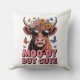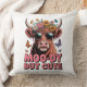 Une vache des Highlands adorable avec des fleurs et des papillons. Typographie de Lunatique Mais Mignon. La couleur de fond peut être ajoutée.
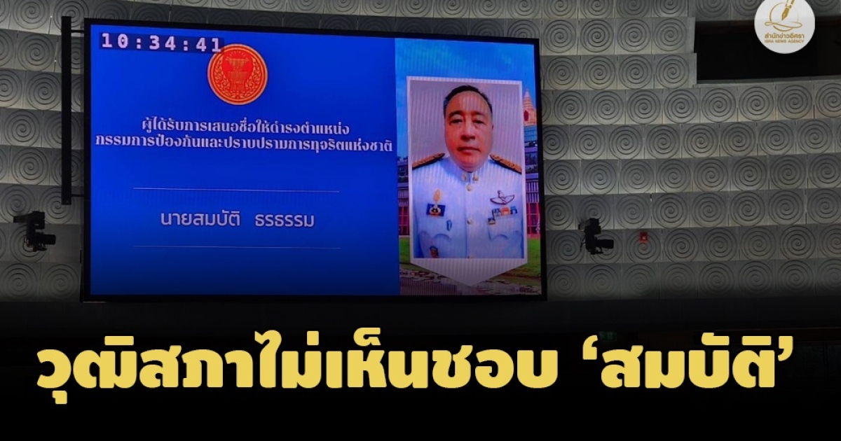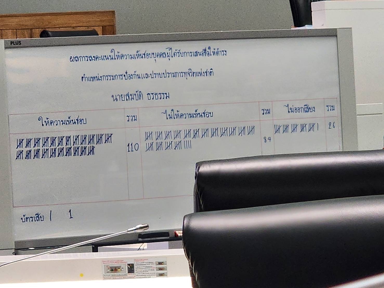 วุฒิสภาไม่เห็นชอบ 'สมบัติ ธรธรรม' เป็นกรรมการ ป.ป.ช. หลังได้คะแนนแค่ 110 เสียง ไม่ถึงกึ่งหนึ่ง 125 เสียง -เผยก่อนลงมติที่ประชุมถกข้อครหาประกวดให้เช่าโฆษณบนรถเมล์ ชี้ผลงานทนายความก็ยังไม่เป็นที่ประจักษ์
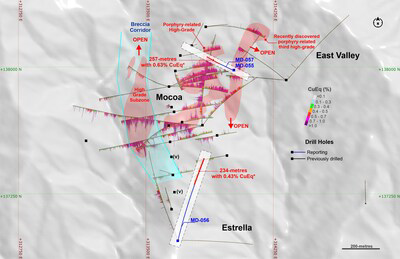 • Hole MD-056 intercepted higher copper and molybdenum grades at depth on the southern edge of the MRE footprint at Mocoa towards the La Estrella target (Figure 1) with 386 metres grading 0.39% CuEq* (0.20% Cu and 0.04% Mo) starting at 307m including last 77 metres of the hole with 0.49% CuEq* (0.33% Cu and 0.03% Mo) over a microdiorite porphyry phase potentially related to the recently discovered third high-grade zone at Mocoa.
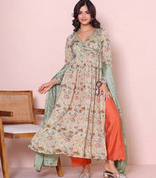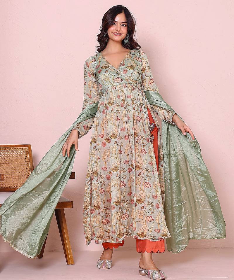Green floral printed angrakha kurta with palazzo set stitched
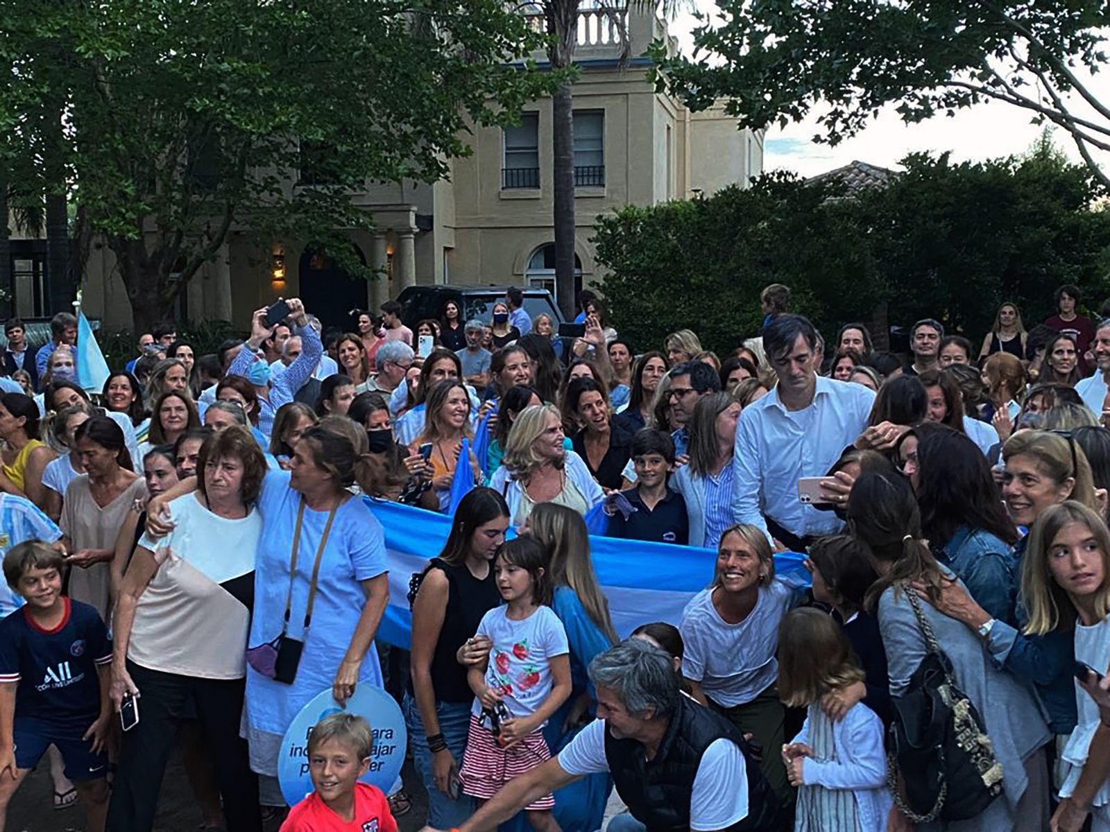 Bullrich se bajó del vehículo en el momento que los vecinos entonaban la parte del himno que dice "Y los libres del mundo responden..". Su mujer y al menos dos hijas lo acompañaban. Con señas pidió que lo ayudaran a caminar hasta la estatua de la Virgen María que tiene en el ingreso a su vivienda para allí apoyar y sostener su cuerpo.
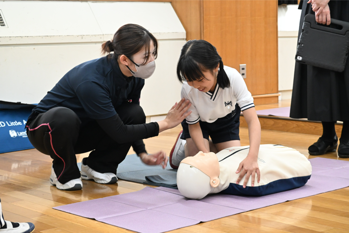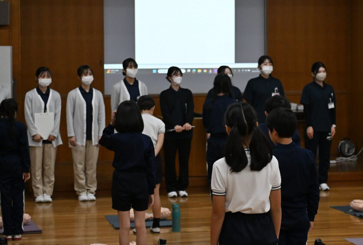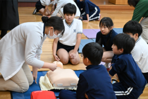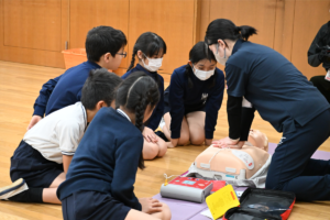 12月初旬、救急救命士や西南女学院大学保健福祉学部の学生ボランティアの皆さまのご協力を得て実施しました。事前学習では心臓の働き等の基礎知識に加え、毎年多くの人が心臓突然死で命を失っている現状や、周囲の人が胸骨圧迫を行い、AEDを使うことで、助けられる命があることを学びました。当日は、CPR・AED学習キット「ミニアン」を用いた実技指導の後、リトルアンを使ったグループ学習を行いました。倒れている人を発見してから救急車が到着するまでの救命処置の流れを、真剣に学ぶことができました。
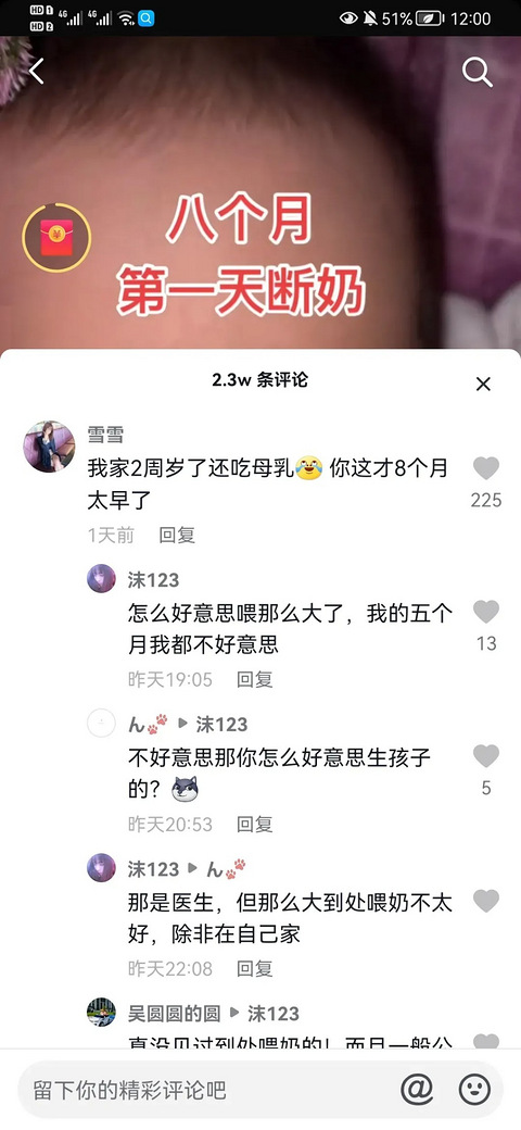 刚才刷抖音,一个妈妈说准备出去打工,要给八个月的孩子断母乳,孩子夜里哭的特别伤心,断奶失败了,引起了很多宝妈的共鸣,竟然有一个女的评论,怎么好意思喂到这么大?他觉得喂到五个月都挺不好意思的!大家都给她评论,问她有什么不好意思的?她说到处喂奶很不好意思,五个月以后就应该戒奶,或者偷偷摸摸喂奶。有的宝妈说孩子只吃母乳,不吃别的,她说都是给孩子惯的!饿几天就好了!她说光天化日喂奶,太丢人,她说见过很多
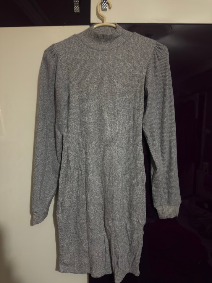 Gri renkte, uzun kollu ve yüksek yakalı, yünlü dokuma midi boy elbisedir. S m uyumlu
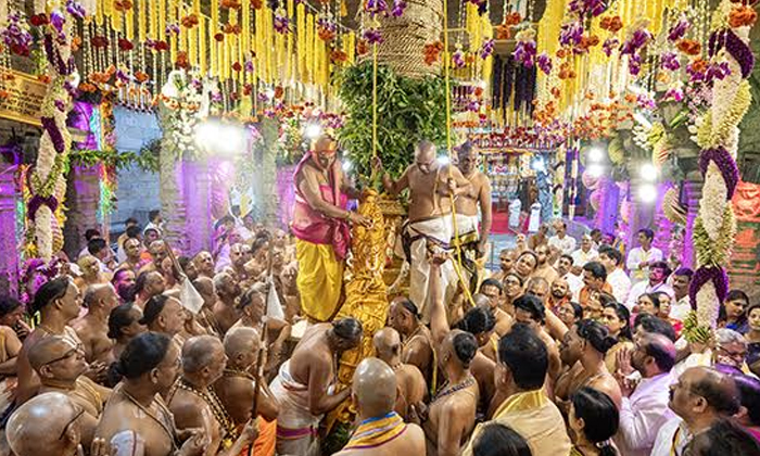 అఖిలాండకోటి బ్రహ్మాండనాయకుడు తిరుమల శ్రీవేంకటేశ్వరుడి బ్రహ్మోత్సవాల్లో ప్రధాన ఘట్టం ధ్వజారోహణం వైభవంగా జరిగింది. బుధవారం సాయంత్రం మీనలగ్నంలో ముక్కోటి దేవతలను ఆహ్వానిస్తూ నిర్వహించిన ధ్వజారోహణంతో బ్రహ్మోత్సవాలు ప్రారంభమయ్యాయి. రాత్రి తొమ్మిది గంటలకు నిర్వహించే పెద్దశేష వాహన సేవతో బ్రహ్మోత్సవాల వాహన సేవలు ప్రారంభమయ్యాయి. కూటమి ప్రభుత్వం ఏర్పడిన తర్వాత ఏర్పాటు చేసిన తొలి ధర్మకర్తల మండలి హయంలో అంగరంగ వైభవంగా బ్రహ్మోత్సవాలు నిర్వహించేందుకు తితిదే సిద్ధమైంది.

▬▬▬

Reproduce, without alteration and without pictures, only those lines that lie between the first line of the entries above and the line containing "วุฒิสภาไม่เห็นชอบ 'สมบัติ ธรธรรม'", both of them included.

 Une vache des Highlands adorable avec des fleurs et des papillons. Typographie de Lunatique Mais Mignon. La couleur de fond peut être ajoutée.
 วุฒิสภาไม่เห็นชอบ 'สมบัติ ธรธรรม' เป็นกรรมการ ป.ป.ช. หลังได้คะแนนแค่ 110 เสียง ไม่ถึงกึ่งหนึ่ง 125 เสียง -เผยก่อนลงมติที่ประชุมถกข้อครหาประกวดให้เช่าโฆษณบนรถเมล์ ชี้ผลงานทนายความก็ยังไม่เป็นที่ประจักษ์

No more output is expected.